** TASK GOAL **
Beneath this instruction is a listing; print exactly the lines in it starting at the line that contains "सत्यार्थ न्यूज श्रीडूंगरगढ़- सवांददाता" and going through the line that contains "Оливковые фасады с".

** EXERCISE INPUTS **
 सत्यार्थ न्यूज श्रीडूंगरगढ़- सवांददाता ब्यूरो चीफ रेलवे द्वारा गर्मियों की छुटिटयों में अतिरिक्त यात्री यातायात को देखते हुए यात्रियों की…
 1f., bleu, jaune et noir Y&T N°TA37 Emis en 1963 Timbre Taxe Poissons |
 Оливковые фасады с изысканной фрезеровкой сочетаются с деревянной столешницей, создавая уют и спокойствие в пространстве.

...

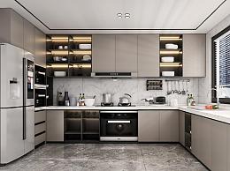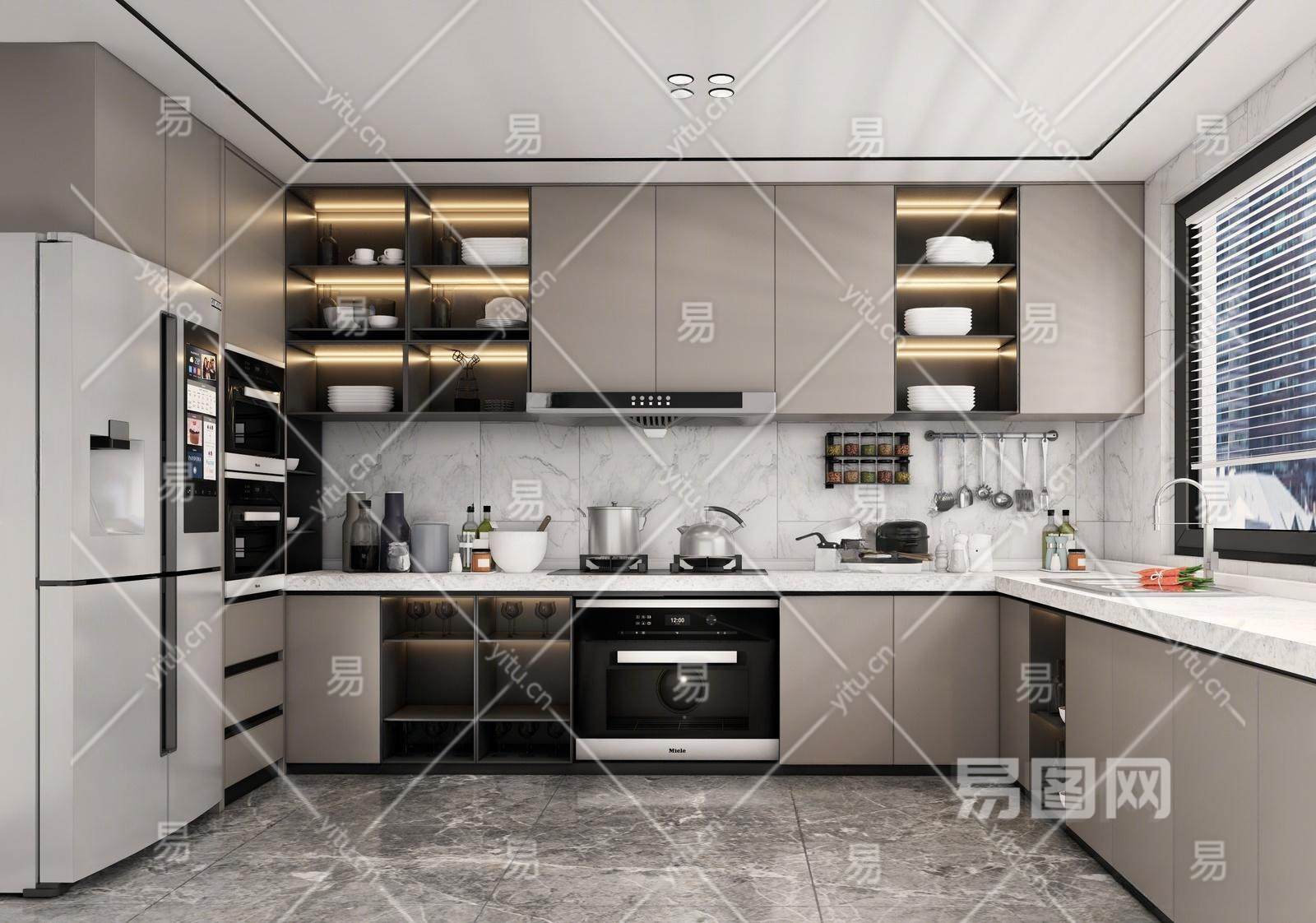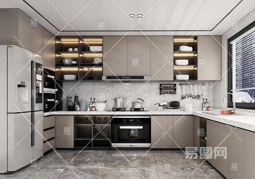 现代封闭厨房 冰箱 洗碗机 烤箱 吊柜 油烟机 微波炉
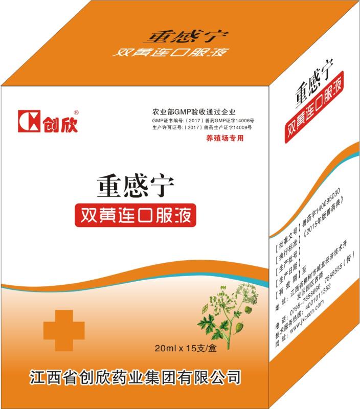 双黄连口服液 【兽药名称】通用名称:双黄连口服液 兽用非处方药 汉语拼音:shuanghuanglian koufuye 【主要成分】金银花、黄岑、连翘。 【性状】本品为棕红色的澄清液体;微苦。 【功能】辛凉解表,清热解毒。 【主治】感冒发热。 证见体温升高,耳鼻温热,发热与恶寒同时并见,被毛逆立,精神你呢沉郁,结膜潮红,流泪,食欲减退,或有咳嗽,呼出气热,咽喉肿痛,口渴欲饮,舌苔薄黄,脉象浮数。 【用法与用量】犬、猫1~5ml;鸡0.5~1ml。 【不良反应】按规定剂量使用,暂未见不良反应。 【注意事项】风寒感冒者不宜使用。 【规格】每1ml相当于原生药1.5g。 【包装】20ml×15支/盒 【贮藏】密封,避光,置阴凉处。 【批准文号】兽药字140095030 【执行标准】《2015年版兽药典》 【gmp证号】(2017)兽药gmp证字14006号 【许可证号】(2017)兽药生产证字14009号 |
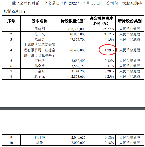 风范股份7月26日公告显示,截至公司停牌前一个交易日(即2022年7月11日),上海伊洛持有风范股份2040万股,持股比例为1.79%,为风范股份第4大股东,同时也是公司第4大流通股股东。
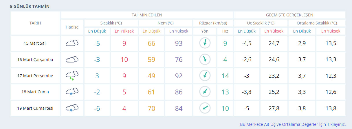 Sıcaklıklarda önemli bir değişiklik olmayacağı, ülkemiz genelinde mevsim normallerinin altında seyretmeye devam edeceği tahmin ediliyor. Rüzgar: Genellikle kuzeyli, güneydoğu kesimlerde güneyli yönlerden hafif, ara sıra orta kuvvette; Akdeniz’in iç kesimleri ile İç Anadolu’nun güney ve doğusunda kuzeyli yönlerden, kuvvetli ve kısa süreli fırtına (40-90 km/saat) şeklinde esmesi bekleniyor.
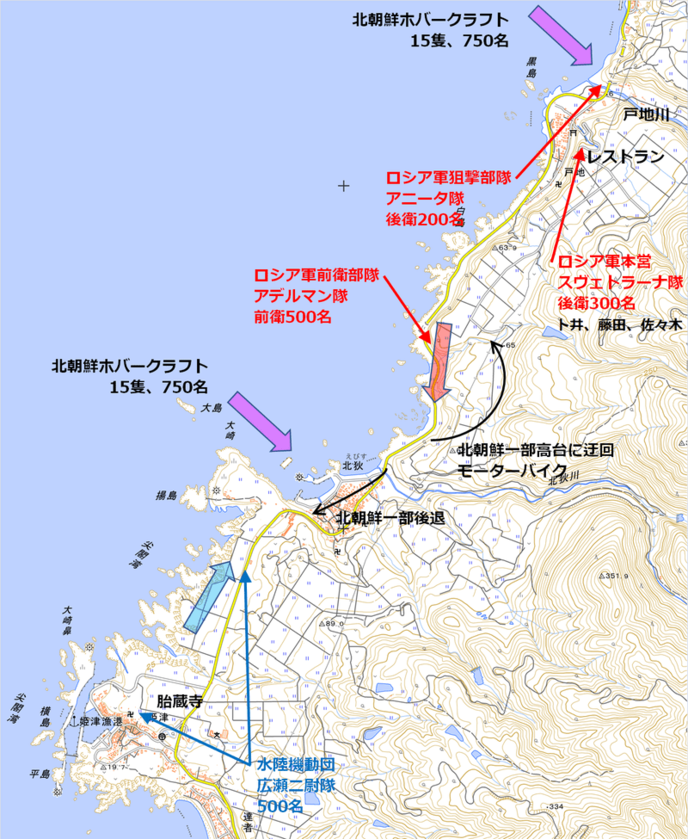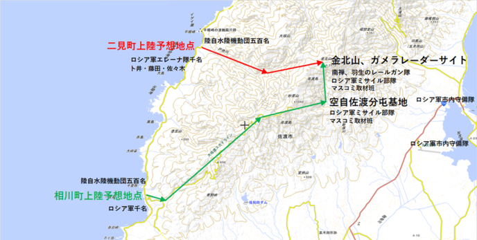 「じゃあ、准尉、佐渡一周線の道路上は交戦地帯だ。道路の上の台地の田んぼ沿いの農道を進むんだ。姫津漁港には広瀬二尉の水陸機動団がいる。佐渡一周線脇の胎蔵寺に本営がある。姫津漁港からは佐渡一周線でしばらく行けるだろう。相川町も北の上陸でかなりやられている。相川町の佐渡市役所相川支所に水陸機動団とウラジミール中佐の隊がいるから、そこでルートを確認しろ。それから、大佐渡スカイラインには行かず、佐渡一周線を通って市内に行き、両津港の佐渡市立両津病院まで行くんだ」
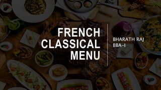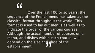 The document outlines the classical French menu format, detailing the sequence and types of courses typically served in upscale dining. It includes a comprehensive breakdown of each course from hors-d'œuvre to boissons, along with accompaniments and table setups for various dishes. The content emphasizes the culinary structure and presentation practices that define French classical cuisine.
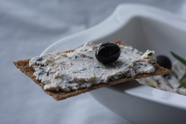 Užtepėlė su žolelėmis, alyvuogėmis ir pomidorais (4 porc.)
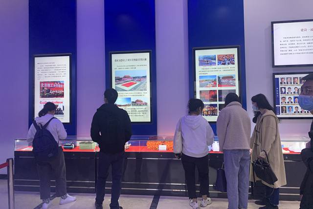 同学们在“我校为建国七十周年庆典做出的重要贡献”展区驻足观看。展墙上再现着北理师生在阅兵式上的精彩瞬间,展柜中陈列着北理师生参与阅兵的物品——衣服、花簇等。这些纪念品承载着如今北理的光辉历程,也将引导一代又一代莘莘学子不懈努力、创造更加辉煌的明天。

** OUTPUT FOR THIS EXERCISE **
 सत्यार्थ न्यूज श्रीडूंगरगढ़- सवांददाता ब्यूरो चीफ रेलवे द्वारा गर्मियों की छुटिटयों में अतिरिक्त यात्री यातायात को देखते हुए यात्रियों की…
 1f., bleu, jaune et noir Y&T N°TA37 Emis en 1963 Timbre Taxe Poissons |
 Оливковые фасады с изысканной фрезеровкой сочетаются с деревянной столешницей, создавая уют и спокойствие в пространстве.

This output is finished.